The failure of my physical body at that time demanded the death of my flesh. The crucifixion of your will comes quickly when your body is disabled. When the body–a vehicle to carry out the desires of heart–is broken, you simply cannot do what you want. In my case, however, at least I could still scream.
Inwardly, the death was different. I felt inadequate in my mind. God didn’t oppose these apprehensions in me. He never took them away. The Lord just said, “What will you do? Will you trust me?”
The last thing I wanted to do was run toward the Person throwing the greatest blows. Just as personal as my sin was, so were his blows. I learned that when He decides to do His sanctifying work in our lives, He has the right to kill things we adore about ourselves. These blows to ego could be described by some as abuse, especially if they weren’t motivated and carried out in love. That has been my consolation, that He loves me.

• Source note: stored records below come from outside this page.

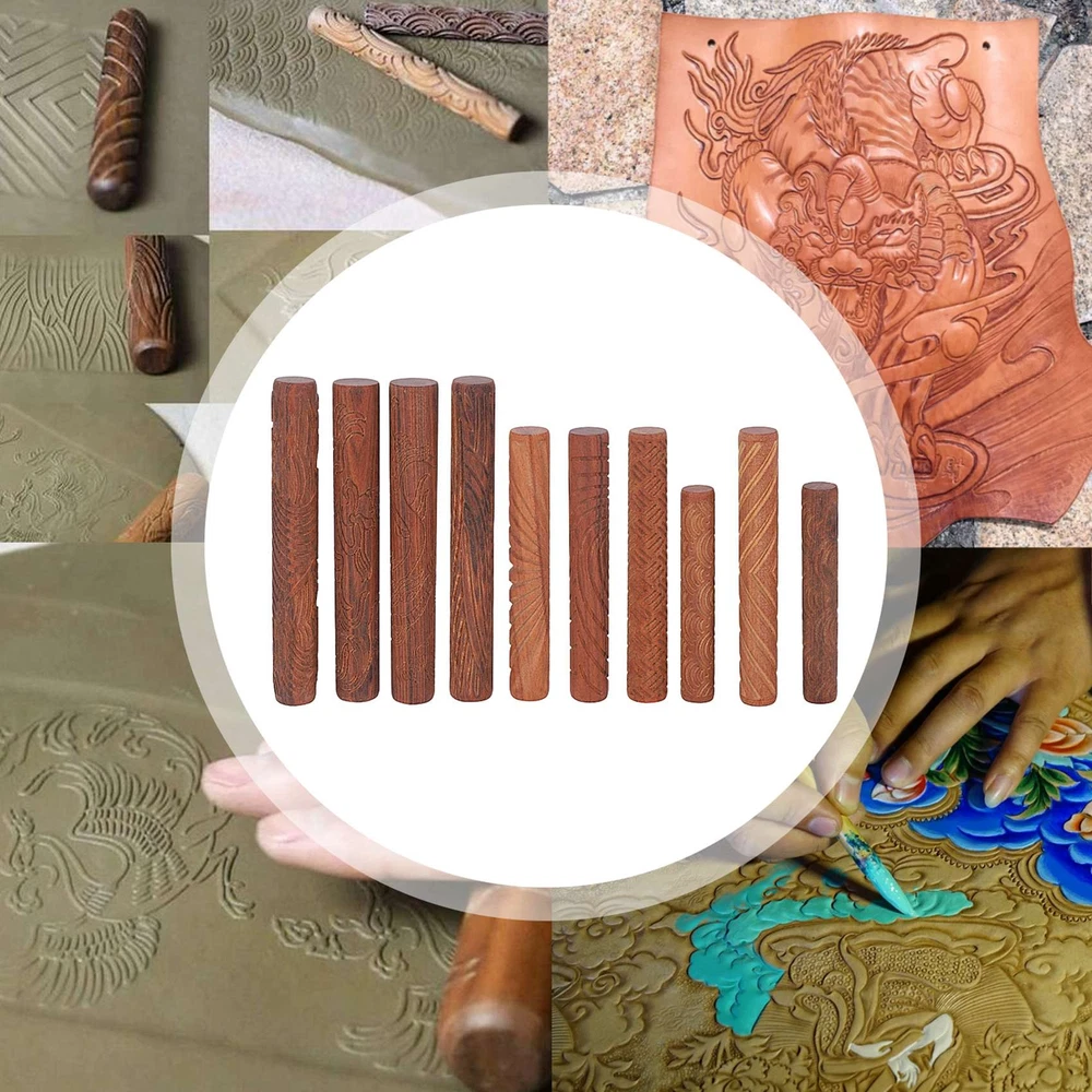Pottery Tools,Wooden Handle Rollers Clay Modeling Pattern Rollers Kit3030 Made of high quality wood. This pottery tool can be used on a thrown pot or clay slabs for texture and . With clear texture, easy to use with any crafting clay to design and create your own clay embellishments. Art pottery tool design is reasonable, light and convenient, with the features of easy to clean, recyclable and long-term use. color:wood color Material: Wood Shape: Cylindrical Package Included: 1 set x Pottery Tool
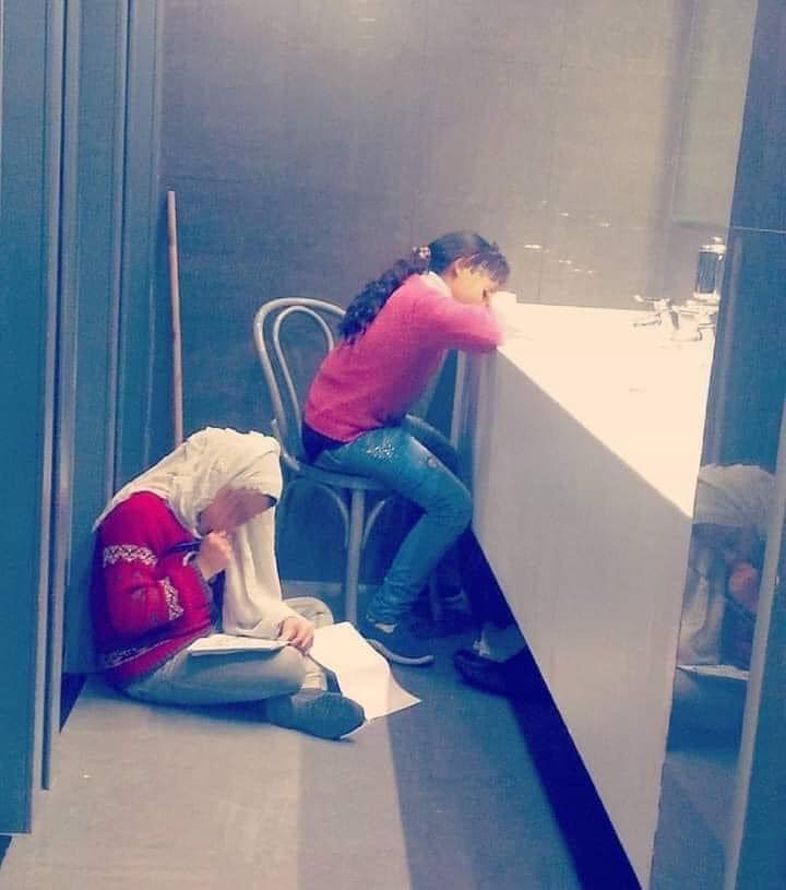 وكانت إحدى السيدات وتدعى قمر البدوي قد نشرت صورة لطفلتين تذاكران دروسهما في حمام أحد المولات في القاهرة، ومتبت تدوينة عبر صفحتها بالفيس بوك، عبرت فيها عن تأثرها فقالت: "هذا المشهد ليس من فيلم ولا مسلسل هذا المشهد من أحد الحمامات في أحد مولات القاهرة الكبيرة، طفلتان مصريتان تذاكران، وأمهما تنظف الحمامات، بالمناسبة الأم كانت بين الحين والآخر تذاكر لهما يعني تجيب هذه عن السؤال وتحل للثانية التمرين... استأذنت الأم بالصورة وأبديت لها شديد إعجابي بها وبطفلتيها... كان وجهها مبتسمًا مشرقًا، قالت لي: ادعيلي أشوفهم حاجات كبيرة، هما الي طلعت بيهم من الدنيا.. قلتلها: هما الي طلعوا من الدنيا بأعظم أم وأحسن أم. قالوا قديمًا: الأم مدرسة، لكن هذه الأم كانت جامعة ربما أكاديمية علم ليس لبناتها بل لكل من يراها عظماء_حقيقيون".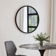The Jackie Wall Mirror epitomizes modern sophistication, with a sleek and slender metal frame elegantly finished in black. Its round shape adds a touch of contemporary flair, while the mirror's minimalist design showcases the beauty of simplicity.

Life overseas sometimes made me as lifeless as that dead young women beside the bridge. In making me face troubles of all kinds, within and without, He put me to death. In His effort to do great things through me, Christ had to do great things in me. In fact, those two ideas are an inseparable couple. You simply cannot do things for the Lord without His work in your heart.
Surprisingly, as He killed my flesh, love came to life in me. As the cataracts were removed from my eyes, like Paul I could begin to see His work in my life more clearly. I could understand that He would bring death to me so that more life could be born. Following him into his mission is indeed a chance to live. Even more so, it is a chance to die.